● **PROBLEM**
Output the records below verbatim, minus the pictures.

● **RECORDS SHOWN**
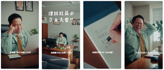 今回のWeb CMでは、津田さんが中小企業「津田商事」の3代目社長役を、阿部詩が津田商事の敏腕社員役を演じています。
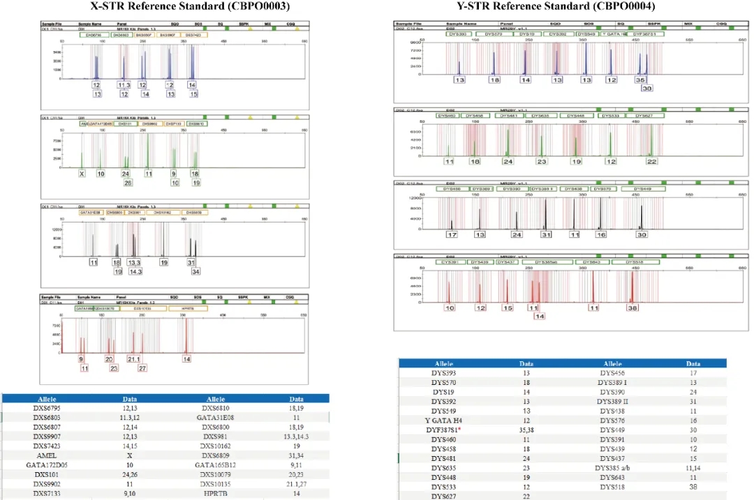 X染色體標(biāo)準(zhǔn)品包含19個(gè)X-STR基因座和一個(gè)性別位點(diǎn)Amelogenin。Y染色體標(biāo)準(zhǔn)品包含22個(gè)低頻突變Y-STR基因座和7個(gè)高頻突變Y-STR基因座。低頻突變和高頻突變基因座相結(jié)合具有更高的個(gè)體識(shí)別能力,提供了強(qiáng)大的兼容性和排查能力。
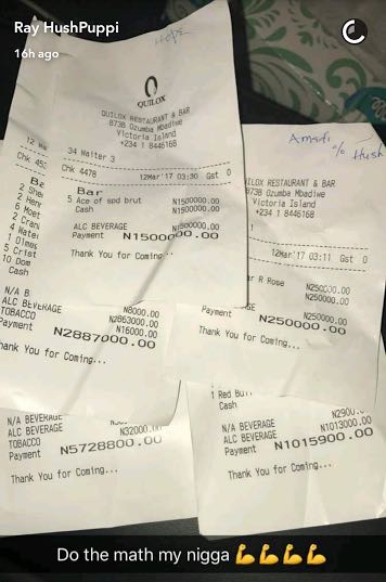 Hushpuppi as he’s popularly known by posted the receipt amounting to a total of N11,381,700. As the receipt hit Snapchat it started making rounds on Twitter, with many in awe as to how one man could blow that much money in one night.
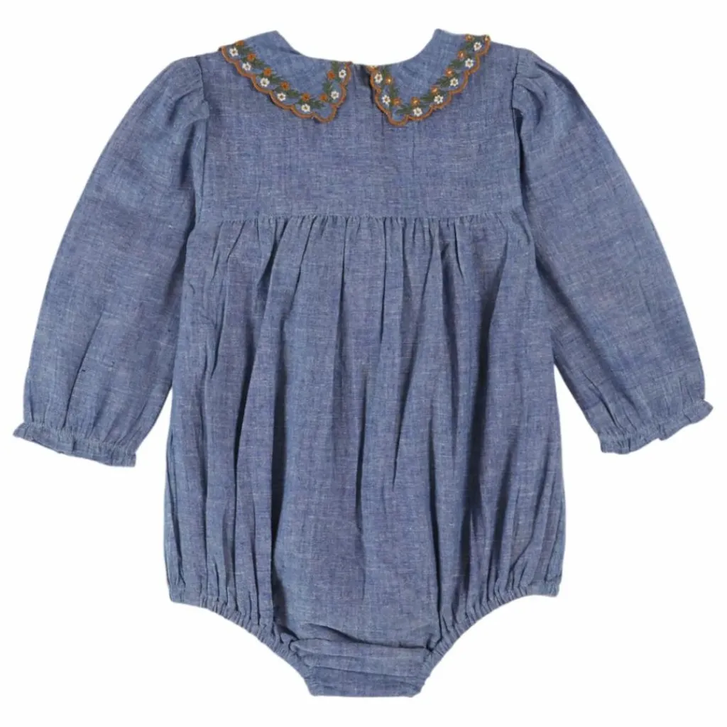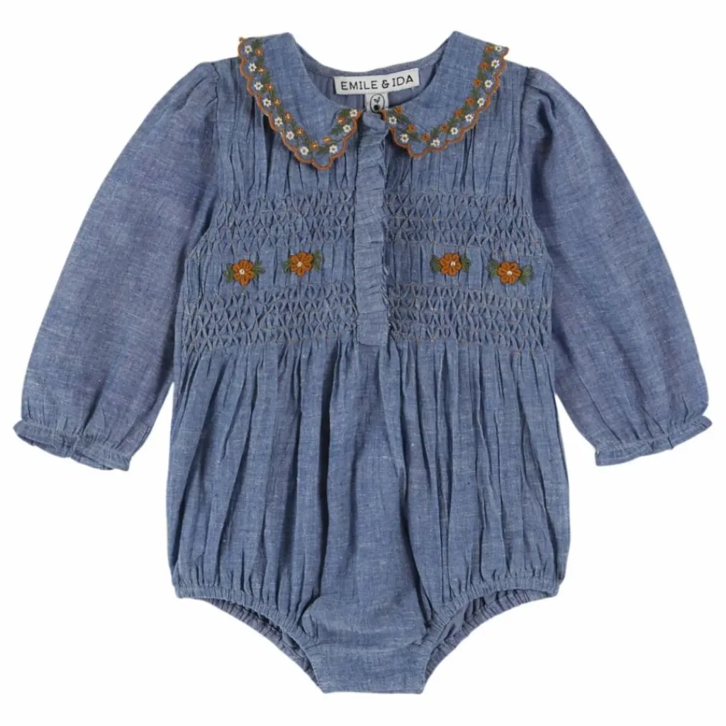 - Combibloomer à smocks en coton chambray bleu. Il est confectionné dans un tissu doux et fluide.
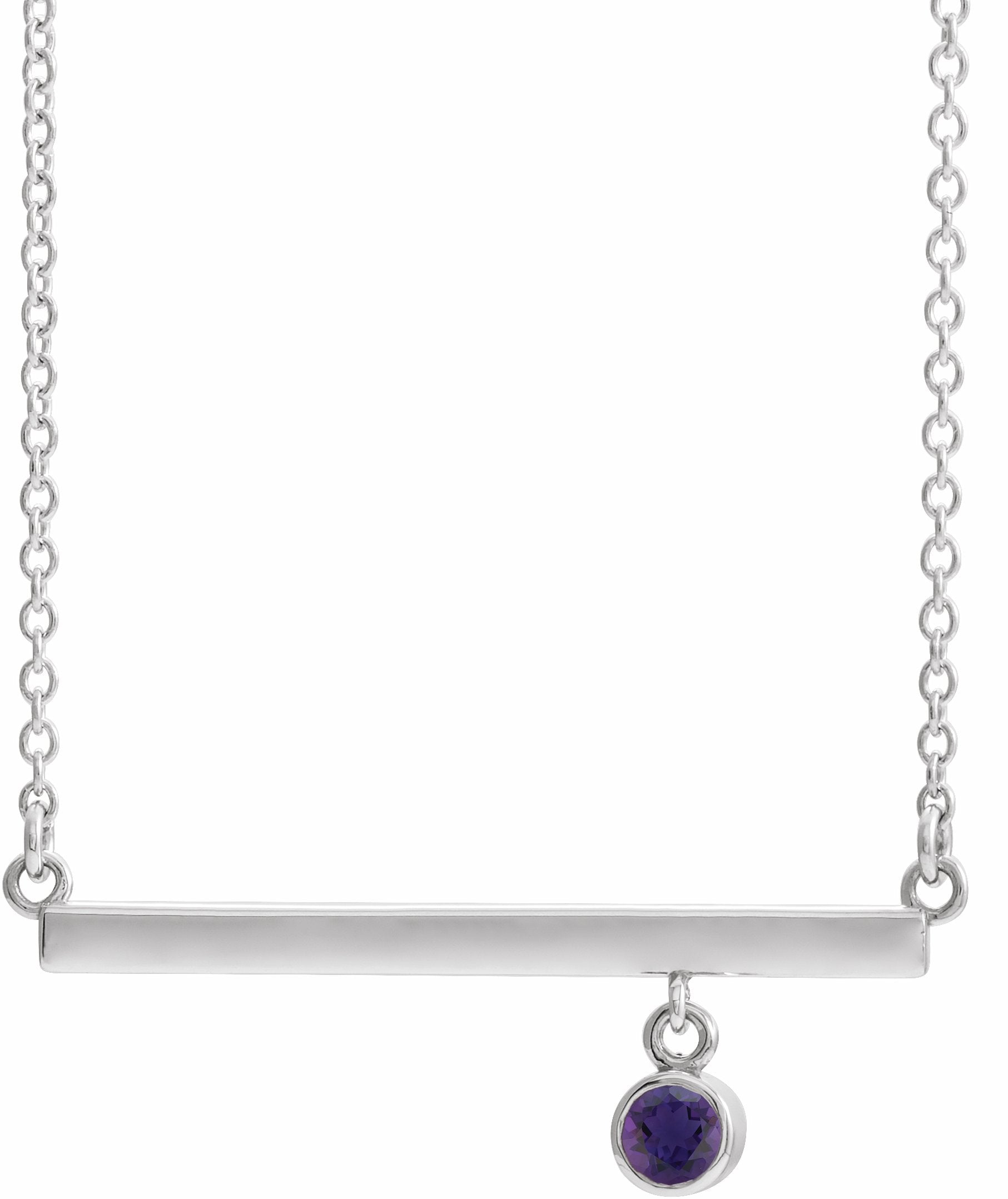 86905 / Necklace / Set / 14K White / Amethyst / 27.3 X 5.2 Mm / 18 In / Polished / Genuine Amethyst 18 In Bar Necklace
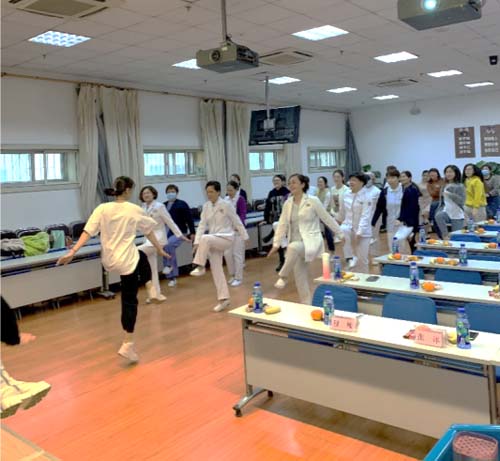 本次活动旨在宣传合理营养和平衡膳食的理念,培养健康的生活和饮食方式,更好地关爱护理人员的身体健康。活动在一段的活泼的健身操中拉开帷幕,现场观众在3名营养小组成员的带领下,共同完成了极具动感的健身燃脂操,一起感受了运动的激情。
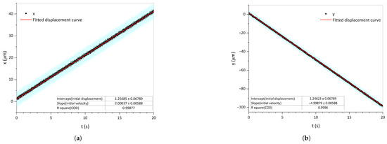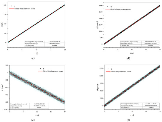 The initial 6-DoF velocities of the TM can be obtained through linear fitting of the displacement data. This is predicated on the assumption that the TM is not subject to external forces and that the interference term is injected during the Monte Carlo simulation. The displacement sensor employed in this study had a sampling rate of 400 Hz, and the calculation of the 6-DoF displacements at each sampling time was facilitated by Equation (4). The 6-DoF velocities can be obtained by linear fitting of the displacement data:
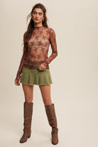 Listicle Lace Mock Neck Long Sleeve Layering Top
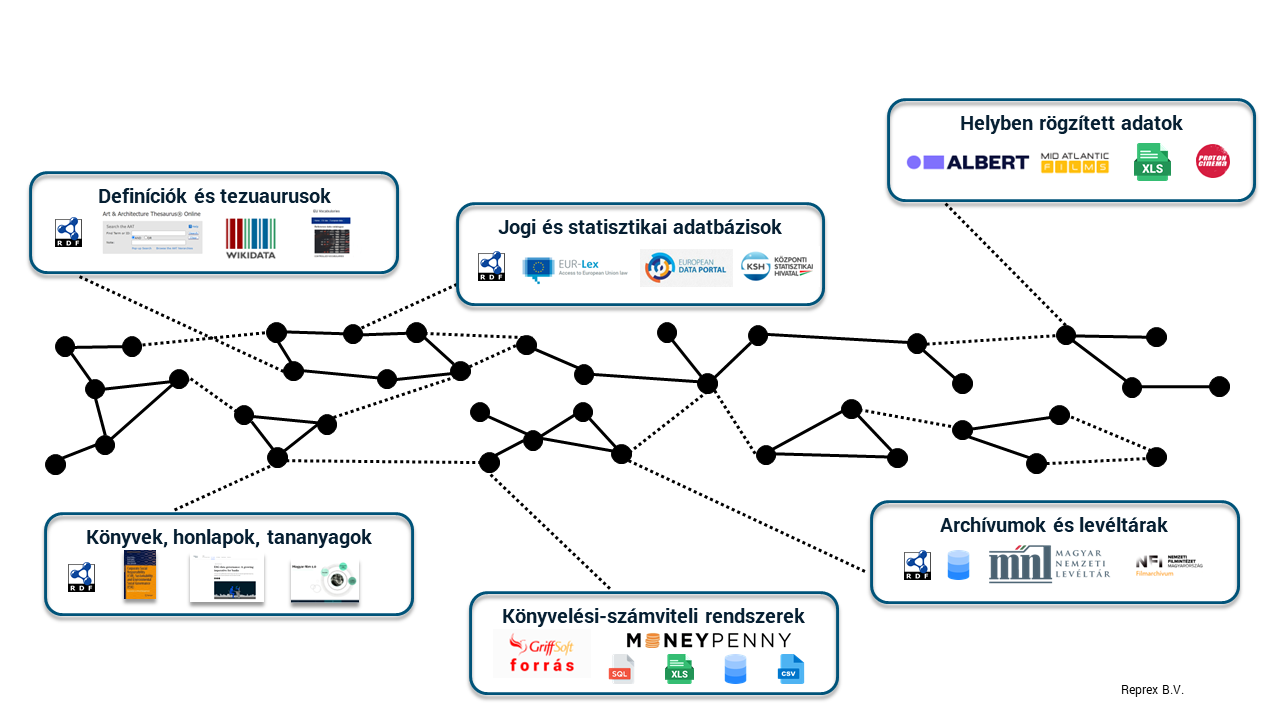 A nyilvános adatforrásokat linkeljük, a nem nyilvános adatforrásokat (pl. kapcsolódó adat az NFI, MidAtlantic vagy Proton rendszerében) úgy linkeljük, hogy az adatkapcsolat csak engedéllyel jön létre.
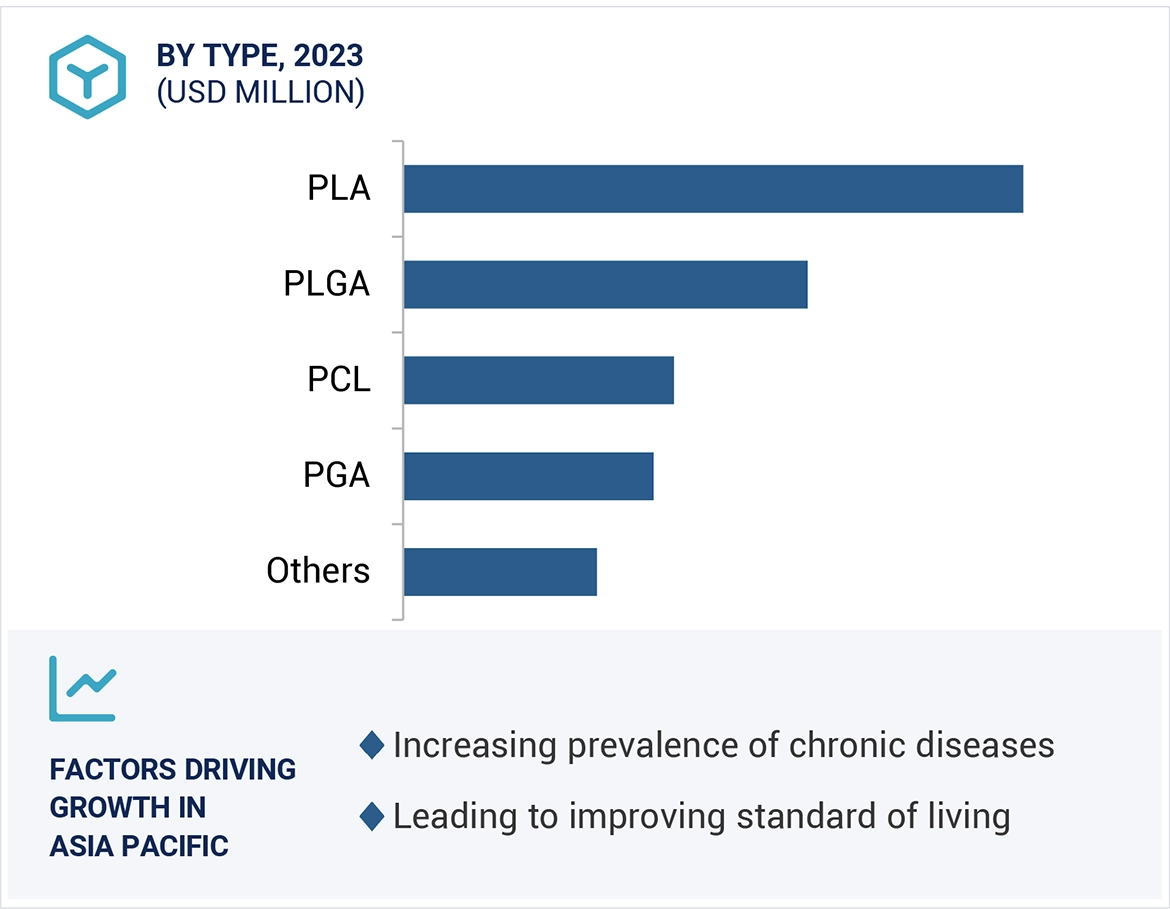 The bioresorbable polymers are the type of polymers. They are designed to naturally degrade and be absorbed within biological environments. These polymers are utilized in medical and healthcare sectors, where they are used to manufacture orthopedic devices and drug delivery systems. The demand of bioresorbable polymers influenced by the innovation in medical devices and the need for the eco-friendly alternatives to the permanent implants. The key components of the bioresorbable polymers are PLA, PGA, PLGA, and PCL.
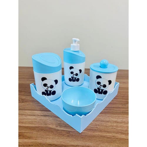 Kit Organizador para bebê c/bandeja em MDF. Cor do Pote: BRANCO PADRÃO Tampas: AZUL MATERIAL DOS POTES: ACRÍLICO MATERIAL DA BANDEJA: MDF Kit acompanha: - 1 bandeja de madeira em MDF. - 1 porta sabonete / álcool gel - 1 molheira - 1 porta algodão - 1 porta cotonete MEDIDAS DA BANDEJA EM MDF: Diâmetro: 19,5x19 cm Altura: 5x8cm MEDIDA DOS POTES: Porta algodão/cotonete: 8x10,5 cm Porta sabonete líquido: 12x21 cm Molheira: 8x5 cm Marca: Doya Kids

● **WRITTEN SOLUTION**
 今回のWeb CMでは、津田さんが中小企業「津田商事」の3代目社長役を、阿部詩が津田商事の敏腕社員役を演じています。
 X染色體標(biāo)準(zhǔn)品包含19個(gè)X-STR基因座和一個(gè)性別位點(diǎn)Amelogenin。Y染色體標(biāo)準(zhǔn)品包含22個(gè)低頻突變Y-STR基因座和7個(gè)高頻突變Y-STR基因座。低頻突變和高頻突變基因座相結(jié)合具有更高的個(gè)體識(shí)別能力,提供了強(qiáng)大的兼容性和排查能力。
 Hushpuppi as he’s popularly known by posted the receipt amounting to a total of N11,381,700. As the receipt hit Snapchat it started making rounds on Twitter, with many in awe as to how one man could blow that much money in one night.
 - Combibloomer à smocks en coton chambray bleu. Il est confectionné dans un tissu doux et fluide.
 86905 / Necklace / Set / 14K White / Amethyst / 27.3 X 5.2 Mm / 18 In / Polished / Genuine Amethyst 18 In Bar Necklace
 本次活动旨在宣传合理营养和平衡膳食的理念,培养健康的生活和饮食方式,更好地关爱护理人员的身体健康。活动在一段的活泼的健身操中拉开帷幕,现场观众在3名营养小组成员的带领下,共同完成了极具动感的健身燃脂操,一起感受了运动的激情。
 The initial 6-DoF velocities of the TM can be obtained through linear fitting of the displacement data. This is predicated on the assumption that the TM is not subject to external forces and that the interference term is injected during the Monte Carlo simulation. The displacement sensor employed in this study had a sampling rate of 400 Hz, and the calculation of the 6-DoF displacements at each sampling time was facilitated by Equation (4). The 6-DoF velocities can be obtained by linear fitting of the displacement data:
 Listicle Lace Mock Neck Long Sleeve Layering Top
 A nyilvános adatforrásokat linkeljük, a nem nyilvános adatforrásokat (pl. kapcsolódó adat az NFI, MidAtlantic vagy Proton rendszerében) úgy linkeljük, hogy az adatkapcsolat csak engedéllyel jön létre.
 The bioresorbable polymers are the type of polymers. They are designed to naturally degrade and be absorbed within biological environments. These polymers are utilized in medical and healthcare sectors, where they are used to manufacture orthopedic devices and drug delivery systems. The demand of bioresorbable polymers influenced by the innovation in medical devices and the need for the eco-friendly alternatives to the permanent implants. The key components of the bioresorbable polymers are PLA, PGA, PLGA, and PCL.
 Kit Organizador para bebê c/bandeja em MDF. Cor do Pote: BRANCO PADRÃO Tampas: AZUL MATERIAL DOS POTES: ACRÍLICO MATERIAL DA BANDEJA: MDF Kit acompanha: - 1 bandeja de madeira em MDF. - 1 porta sabonete / álcool gel - 1 molheira - 1 porta algodão - 1 porta cotonete MEDIDAS DA BANDEJA EM MDF: Diâmetro: 19,5x19 cm Altura: 5x8cm MEDIDA DOS POTES: Porta algodão/cotonete: 8x10,5 cm Porta sabonete líquido: 12x21 cm Molheira: 8x5 cm Marca: Doya Kids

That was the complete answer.